All native wildlife in Australia is protected -- cute cuddly and deadly poisonous animals equally.
Lizards, spiders and insects found in a home are often caught and released outside in the garden rather than killed (especially the huge huntsman spiders we get here which are harmless to humans). I'll even catch and release cockroaches rather than kill them.
> carefully redesigning buildings to save the poor rainbow lorikeets.
I would guess that even if they aren't an an endangered species, dealing with dead and injured birds daily is a nuisance. Simple measures like this, less nuisance in the long run.
I've seen a church in Kerala, India use plastic chain curtains over their doors to prevent birds flying inside. Seems they are commonly used for this purpose.
Saving you a click: because "Zen" is a marketing term meaning "calm or peaceful". Birds not slamming into glass is considered to be peaceful. Not be confused with the "Zen" of Zen Buddhism, where it doesn't mean that at all.
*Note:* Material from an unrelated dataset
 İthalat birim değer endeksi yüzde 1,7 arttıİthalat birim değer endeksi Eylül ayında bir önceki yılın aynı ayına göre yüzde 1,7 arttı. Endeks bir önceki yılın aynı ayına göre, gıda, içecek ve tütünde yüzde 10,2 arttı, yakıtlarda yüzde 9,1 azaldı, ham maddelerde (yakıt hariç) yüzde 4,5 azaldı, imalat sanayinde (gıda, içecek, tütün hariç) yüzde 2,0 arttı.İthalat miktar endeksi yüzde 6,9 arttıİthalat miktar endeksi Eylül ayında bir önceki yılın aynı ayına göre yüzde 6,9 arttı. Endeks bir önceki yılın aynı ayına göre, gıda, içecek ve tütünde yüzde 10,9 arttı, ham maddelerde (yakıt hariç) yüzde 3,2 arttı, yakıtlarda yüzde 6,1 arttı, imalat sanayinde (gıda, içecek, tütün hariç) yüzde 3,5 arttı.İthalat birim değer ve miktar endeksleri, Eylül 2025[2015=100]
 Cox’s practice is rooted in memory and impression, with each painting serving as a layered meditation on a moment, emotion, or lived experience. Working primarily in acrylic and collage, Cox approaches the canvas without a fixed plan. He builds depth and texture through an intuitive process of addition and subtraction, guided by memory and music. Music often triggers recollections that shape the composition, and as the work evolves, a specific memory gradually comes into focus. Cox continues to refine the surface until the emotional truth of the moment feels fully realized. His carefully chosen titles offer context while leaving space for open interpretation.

It does fit with the Zen Koan sort of if described - what sort of curtains are on the outside of a window and don't block light or noise? Not quite "What is the sound of one hand clapping." meditative question but it is getting there in surface weirdness.
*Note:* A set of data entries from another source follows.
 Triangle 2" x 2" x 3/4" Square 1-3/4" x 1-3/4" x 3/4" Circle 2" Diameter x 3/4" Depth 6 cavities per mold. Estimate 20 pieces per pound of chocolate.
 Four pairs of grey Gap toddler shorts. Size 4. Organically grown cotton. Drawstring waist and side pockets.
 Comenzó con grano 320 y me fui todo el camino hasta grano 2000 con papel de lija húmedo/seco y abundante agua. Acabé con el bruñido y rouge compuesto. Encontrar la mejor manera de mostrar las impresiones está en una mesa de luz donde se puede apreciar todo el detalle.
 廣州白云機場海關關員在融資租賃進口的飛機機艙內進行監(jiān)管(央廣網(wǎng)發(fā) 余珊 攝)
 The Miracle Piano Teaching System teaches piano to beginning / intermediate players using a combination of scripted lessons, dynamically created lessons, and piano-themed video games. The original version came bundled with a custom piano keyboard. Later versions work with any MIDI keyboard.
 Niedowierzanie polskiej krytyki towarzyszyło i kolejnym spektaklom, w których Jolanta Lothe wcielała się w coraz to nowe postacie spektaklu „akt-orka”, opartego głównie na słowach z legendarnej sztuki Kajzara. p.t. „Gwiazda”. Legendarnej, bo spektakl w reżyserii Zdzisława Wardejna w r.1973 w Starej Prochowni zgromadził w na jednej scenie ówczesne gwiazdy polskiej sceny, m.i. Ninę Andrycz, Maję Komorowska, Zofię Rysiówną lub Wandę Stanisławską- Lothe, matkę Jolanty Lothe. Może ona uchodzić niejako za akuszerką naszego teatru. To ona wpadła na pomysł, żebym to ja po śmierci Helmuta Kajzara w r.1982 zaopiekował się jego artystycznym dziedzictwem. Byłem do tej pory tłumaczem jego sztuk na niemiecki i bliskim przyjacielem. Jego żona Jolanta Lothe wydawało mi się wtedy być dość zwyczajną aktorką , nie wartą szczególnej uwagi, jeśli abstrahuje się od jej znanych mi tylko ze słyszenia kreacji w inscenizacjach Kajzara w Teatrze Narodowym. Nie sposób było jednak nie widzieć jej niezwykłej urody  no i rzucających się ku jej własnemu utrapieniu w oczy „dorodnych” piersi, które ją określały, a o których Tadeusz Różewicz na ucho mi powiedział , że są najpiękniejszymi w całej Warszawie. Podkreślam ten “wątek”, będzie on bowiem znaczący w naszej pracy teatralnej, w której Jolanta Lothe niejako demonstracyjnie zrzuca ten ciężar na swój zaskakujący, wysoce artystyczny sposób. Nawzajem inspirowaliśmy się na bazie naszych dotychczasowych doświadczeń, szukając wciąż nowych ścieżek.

A Midwest bank was remodeling their in-supermarket branches with glass walls. It looked really spiffy and let in a lot more light. Then a few weeks later they had decals up on some of the glass panels and they were frosting others and I asked a teller why they changed.
It turns out that many people were slamming into the glass walls, usually when turning a corner quickly, (my guess: while staring at their phones!) and hurting themselves, so the bank decided it was better to get ahead of the inevitable lawsuit and make the clear glass more visible.
How we've managed to survive this long as a species is beyond me.